Try it
Make an exact copy of all the entries, but do not reproduce the pictures.

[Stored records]
<<<<
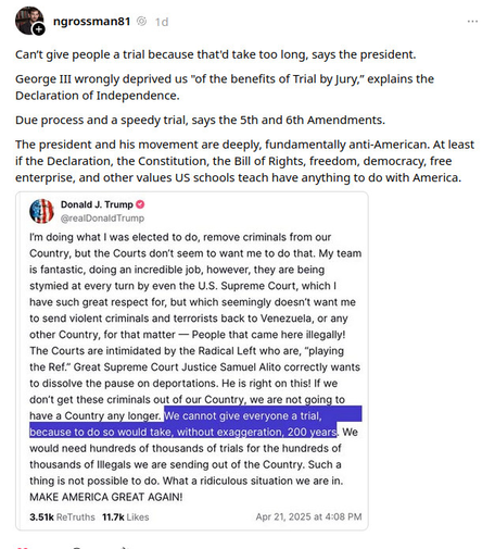 The #Trump regime is shredding #constitutionalrights, ignoring #dueprocess & the importance of #courts & #trials. Due process is a cornerstone of #democracy, everyone deserves due process.
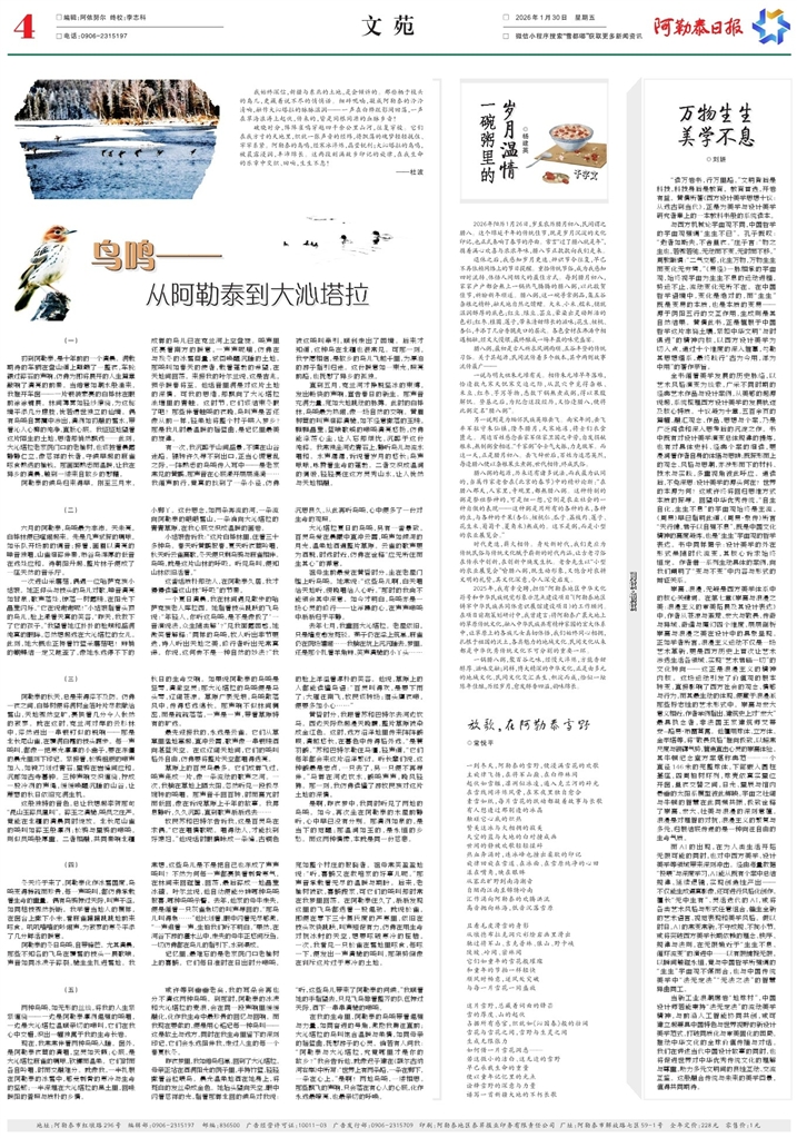 - 鸟鸣——从阿勒泰到大沁塔拉 我始终深信,新疆与东北的土地,是会倾诉的。那些栖于枝头的鸟儿,更藏着说不尽的悄悄话。细碎呢喃,凝成阿勒泰的泠泠清响,融作大沁塔拉的脉脉温润——一声在白桦疏影间回荡,一声在草海浪涛上起伏,传来的,
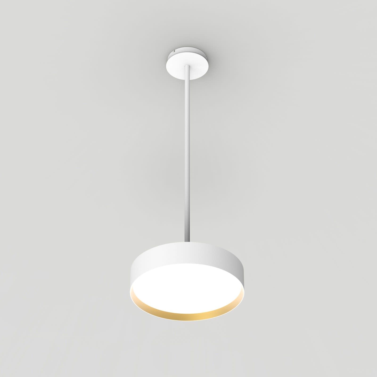 Luminaire LED de grande qualité avec boîtier de luminaire rondé au design plat en aluminium extrudé avec surface thermolaquée avec boîtier en revêtu par poudre RAL9016 blanc fine matte et anneau décoratif 'glaring gold' pour montage en suspension rigide. Installation par Suspension rigide 'Pende' d'un diamètre de 20 mm, d'une longueur de 1000 mm, en supplément de 2000 mm commandable, raccourcissable individuellement et avec alimentation transparente guidée intérieurement. anneau décoratif 'glaring gold'. 'Pende' en couleur de boîtier, revêtement en poudre en, incl. suspension rigide 1000 mm en blanc, individuellement raccourcissablepatère de plafond en blanc avec 177x36 mm (d.xh) incl... Diffuseur en PMMA microprismatique pour une luminance réduite (LRA). Raccordement électrique par 5 pôles utilisés, Luminaire équipé d’une technologie LED innovante avec une efficacité de 95 lm par W et une flux lumineux sortant de 2092 lm lm pour 22 W, en température de couleur 4000 K. Nombre d'adresses DALI : 1. Convertisseur DALI pour gradation, Evaluation de l'éblouissement selon la classification selon DIN EN 12464-1.2021-11 avec UGR < 22, luminaire de poste de travail compatible écran selon DIN EN 12464-1 (luminosité à 65° <= 3000 cd/m²), ’Melanopic Ratio’ = (0,739), Indice de rendu des couleurs (IRC) > 90, tolérance chromatique étroite MacAdam 3, Groupe de risque RG0 selon norme IEC 62471, durée de vie nominale > 60.000 h [selon le décret de l’UE], classe énergétique (EEI). Indice de protection IP50, classe de protection I. Sur demande, également en version éclairage de secours avec batterie de 3h ou dans la version avec capteur de mouvement et de luminosité contrôlable/programmable, Casambi également sur demande. Des télécommandes sont disponibles comme accessoires. L’éclairage d’urgence et le capteur ne peuvent pas être combinés. Option de commutateur : C, source lumineuse remplaçable par le fabricant, dispositif de commande remplaçable par un professionnel autorisé, Dimensions DMxH : 0420x091 mm, hauteur totale du boîtier de 110 mm et hauteur visible de 91 mm, poids : 4,3 kg
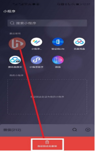 2) 如进入后显示为其他学校就业小程序,说明您可能关注过其他学校小程序,请在微信沟通列表中下拉,删除慧就业小程序(长按慧就业小程序,拖拽至垃圾箱,如下图所示)后从微信公众账号重新进入小程序。
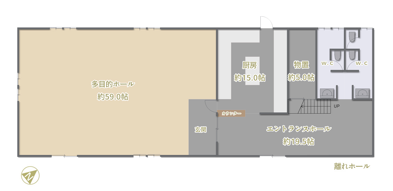 居室エリアの裏手にある別棟の離れは酒造場を利用した大きなホールとドイツ製の高級キッチンメーカーで用意された本格的な仕様のキッチンエリアがあります。ビジネスでも利用されていた経緯がありこのような仕様になっています。例えば母屋は居室として利用し、酒造場のホールは保養を兼ねてのお仕事のミーティングスペースとしてご利用する事も可能です。その際に本格的なキッチンでお食事を造る事も可能です。トイレもオフィス・店舗仕様で多人数でも困らないように造られています。母屋と酒造場ホールの間には蒸留として利用されていたと思われる池があります。こちらには現在鯉が2匹住んでいます。様々な利用の仕方が考えられるエリアです。
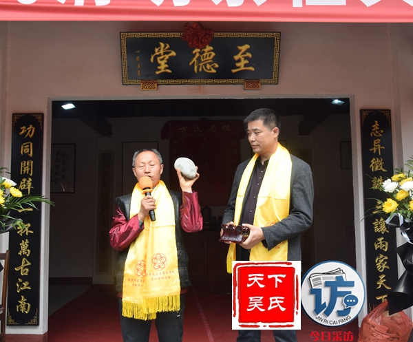 参会部分代表先后上台致词,四川省吴氏宗亲总会常务会长、新都吴氏文越公宗亲会会长吴光勇致欢迎词,四川省吴氏宗亲总会吴天智会长致辞,今日采访网、天下吴氏网创始人吴蜀丰在致词后受无锡祖地吴乐一教授特别委托向主办方赠送吴氏开姓始祖泰伯公、传代始祖仲雍公及延陵王季札公(泰伯19世裔孙)原始画像。
>>>>
Result for this task
 The #Trump regime is shredding #constitutionalrights, ignoring #dueprocess & the importance of #courts & #trials. Due process is a cornerstone of #democracy, everyone deserves due process.
 - 鸟鸣——从阿勒泰到大沁塔拉 我始终深信,新疆与东北的土地,是会倾诉的。那些栖于枝头的鸟儿,更藏着说不尽的悄悄话。细碎呢喃,凝成阿勒泰的泠泠清响,融作大沁塔拉的脉脉温润——一声在白桦疏影间回荡,一声在草海浪涛上起伏,传来的,
 Luminaire LED de grande qualité avec boîtier de luminaire rondé au design plat en aluminium extrudé avec surface thermolaquée avec boîtier en revêtu par poudre RAL9016 blanc fine matte et anneau décoratif 'glaring gold' pour montage en suspension rigide. Installation par Suspension rigide 'Pende' d'un diamètre de 20 mm, d'une longueur de 1000 mm, en supplément de 2000 mm commandable, raccourcissable individuellement et avec alimentation transparente guidée intérieurement. anneau décoratif 'glaring gold'. 'Pende' en couleur de boîtier, revêtement en poudre en, incl. suspension rigide 1000 mm en blanc, individuellement raccourcissablepatère de plafond en blanc avec 177x36 mm (d.xh) incl... Diffuseur en PMMA microprismatique pour une luminance réduite (LRA). Raccordement électrique par 5 pôles utilisés, Luminaire équipé d’une technologie LED innovante avec une efficacité de 95 lm par W et une flux lumineux sortant de 2092 lm lm pour 22 W, en température de couleur 4000 K. Nombre d'adresses DALI : 1. Convertisseur DALI pour gradation, Evaluation de l'éblouissement selon la classification selon DIN EN 12464-1.2021-11 avec UGR < 22, luminaire de poste de travail compatible écran selon DIN EN 12464-1 (luminosité à 65° <= 3000 cd/m²), ’Melanopic Ratio’ = (0,739), Indice de rendu des couleurs (IRC) > 90, tolérance chromatique étroite MacAdam 3, Groupe de risque RG0 selon norme IEC 62471, durée de vie nominale > 60.000 h [selon le décret de l’UE], classe énergétique (EEI). Indice de protection IP50, classe de protection I. Sur demande, également en version éclairage de secours avec batterie de 3h ou dans la version avec capteur de mouvement et de luminosité contrôlable/programmable, Casambi également sur demande. Des télécommandes sont disponibles comme accessoires. L’éclairage d’urgence et le capteur ne peuvent pas être combinés. Option de commutateur : C, source lumineuse remplaçable par le fabricant, dispositif de commande remplaçable par un professionnel autorisé, Dimensions DMxH : 0420x091 mm, hauteur totale du boîtier de 110 mm et hauteur visible de 91 mm, poids : 4,3 kg
 2) 如进入后显示为其他学校就业小程序,说明您可能关注过其他学校小程序,请在微信沟通列表中下拉,删除慧就业小程序(长按慧就业小程序,拖拽至垃圾箱,如下图所示)后从微信公众账号重新进入小程序。
 居室エリアの裏手にある別棟の離れは酒造場を利用した大きなホールとドイツ製の高級キッチンメーカーで用意された本格的な仕様のキッチンエリアがあります。ビジネスでも利用されていた経緯がありこのような仕様になっています。例えば母屋は居室として利用し、酒造場のホールは保養を兼ねてのお仕事のミーティングスペースとしてご利用する事も可能です。その際に本格的なキッチンでお食事を造る事も可能です。トイレもオフィス・店舗仕様で多人数でも困らないように造られています。母屋と酒造場ホールの間には蒸留として利用されていたと思われる池があります。こちらには現在鯉が2匹住んでいます。様々な利用の仕方が考えられるエリアです。
 参会部分代表先后上台致词,四川省吴氏宗亲总会常务会长、新都吴氏文越公宗亲会会长吴光勇致欢迎词,四川省吴氏宗亲总会吴天智会长致辞,今日采访网、天下吴氏网创始人吴蜀丰在致词后受无锡祖地吴乐一教授特别委托向主办方赠送吴氏开姓始祖泰伯公、传代始祖仲雍公及延陵王季札公(泰伯19世裔孙)原始画像。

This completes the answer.